Under The Big Black Sun: A Personal History of L.A. Punk
- First edition
- Author: John Doe Tom DeSavia
- Language: English
- Subject: Punk rock
- Genre: Music
- Publisher: Da Capo Press
- Publication date: 2016
- Publication place: United States
- ISBN: 978-0306824081

= Under the Big Black Sun (book) =

Under The Big Black Sun: A Personal History of L.A. Punk is a book by John Doe of the American punk rock band X and co-author Tom DeSavia. The book examines the evolution of Los Angeles punk rock between 1977-1982, covering the years between the emergence of punk as an underground phenomenon and ending as some of the musicians in the scene crossed over to mainstream success. The book featured guest chapters by Exene Cervenka (Doe's ex-wife and co-lead vocalist in X); along with Jane Wiedlin and Charlotte Caffey of The Go-Go's, Mike Watt of Minutemen, and Henry Rollins of Black Flag. Green Day's Billie Joe Armstrong penned a foreword for the book.

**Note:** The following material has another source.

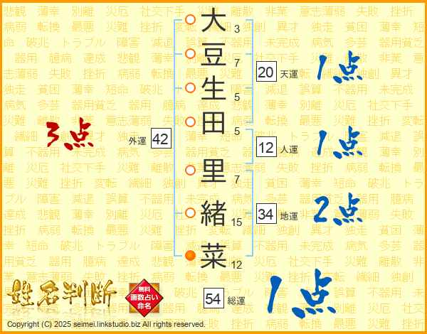 大豆生田里緒菜さんの総運は54画の1点!

The audiobook version received a Grammy Award nomination in the "spoken word" category.

==Reviews==
Eric Noble-Marks of Exclaim! gave the book 7 out of 10 commented that although it is "flawed and incomplete," the book "is valuable for not only giving us a glimpse into what punk rock looked like and sounded like, but also what it felt like." Ryan Bray of The A.V. Club gave the book a "B" rating and noted the potential difficulty of the "erratic structure of DeSavia and Doe’s narrative." Jedd Beaudoin of PopMatters gave the book eight out of ten stars and said the memoirs allow the reader to "feel something akin to being there."